History

United States of America Commonwealth of the Philippines
- Name: Ranger
- Owner: Luzon Stevedoring Company Ltd.
- Builder: Hong Kong & Whampoa Dock Company Ltd.
- Launched: 1940
- Acquired: commandeered by the United States Navy, 10 December 1941
- Homeport: Manila
- Fate: unknown

General characteristics
- Class & type: tugboat
- Tonnage: 545 long tons (554 t)
- Length: 130 feet 2 inches (39.67 m)
- Beam: 32 feet 1 inch (9.78 m)
- Draught: 11 feet 7 inches (3.53 m)
- Propulsion: oil-fueled, twin-screws, 229 nhp

= Ranger (1940) =

US Navy tugboat

Ranger was an ocean-going tugboat commandeered by the United States Navy during the Second World War.

==History==
She was laid down at the Hong Kong and Whampoa Dock Company Ltd. for the Luzon Stevedoring Company Ltd. Inc of Manila.

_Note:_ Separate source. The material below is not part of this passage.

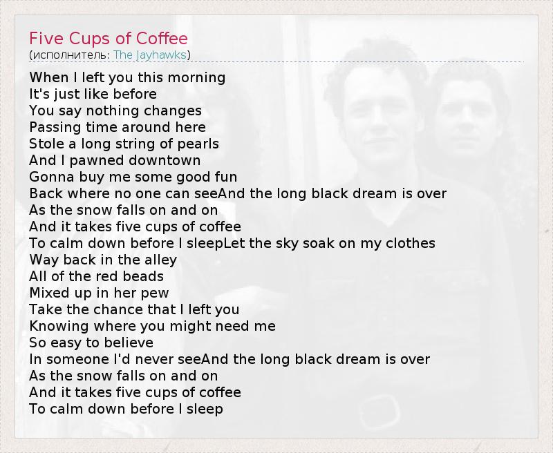А как ты думаешь, о чем песня "Five Cups of Coffee" ?

She was in Hong Kong on 2 December 1941 when she was ordered to return to Manila with the Asiatic Fleet's Yangtze Patrol river gunboat USS Mindanao. She was loaded with 800 rounds of 3-inch shells and split 250,000 rounds of .30 caliber cartridges with Mindanao. The gunboat left in advance of her and was nearly lost to harsh seas. Ranger made Manila soon after Mindanao.

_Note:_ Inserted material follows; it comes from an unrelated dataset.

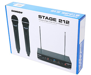 ไมโครโฟนไร้สายชนิดมือถือแบบไมค์คู่ 2 ตัว SAMSON Stage 212 เป็นชุดไมโครโฟนความถี่ย่าน VHF (173 to 198 MHz), ในชุดประกอบด้วยเครื่องรับ Samson SR212 Dual-Channel Receiver 1 เครื่อง, เครื่องส่ง ไมโครโฟน Samson VH212 Handheld Dynamic Microphones 2 ตัว, ใช้แบตเตอรี่ขนาด 9V. ได้นานต่อเนื่อง 10 ชั่วโมง, 12 operating channels, 60m operating range

On 10 December 1941, the United States Navy commandeered Ranger, and assigned her to the Asiatic Fleet, 16th Naval District. She was assigned to the Inshore Patrol under Captain Kenneth M. Hoeffel. The Inshore Patrol was a rag-tag assemblage of vessels tasked with moving supplies and personnel and patrolling Manila Bay and the east coast of the besieged Bataan Peninsula. Other ships of the Inshore Patrol included three gunboats, three minesweepers, three Navy tugs, two commandeered tugs under US Navy control (Ranger, Trabajador), four converted yachts (Maryann, Fisheries II, and Perry), and the submarine rescue vessel . The Inshore Patrol was complemented by ships of the Offshore Patrol consisting of six US torpedo boats (PT-31, PT-32, PT-33, PT-34, PT-35, PT-41) and five Filipino-crewed boats consisting of 3 torpedo boats (Q-111 Luzon, Q-112 Abra, Q-113 Agusan), and two converted motor launches serving as gunboats (Q-114 Danday, Q-115 Baler), all serviced by the submarine tender .

On 30 December 1941, Ranger landed a raiding party at Naval Station Sangley Point to secure generators for the troops for Corregidor.

Ranger was abandoned and grounded just north of Fort Hughes, off Caballo Island. Her ultimate fate is uncertain. Naval records indicate that they lost record of her on 28 February 1942, although other sources indicate that she escaped Manila Bay on 6 May 1942.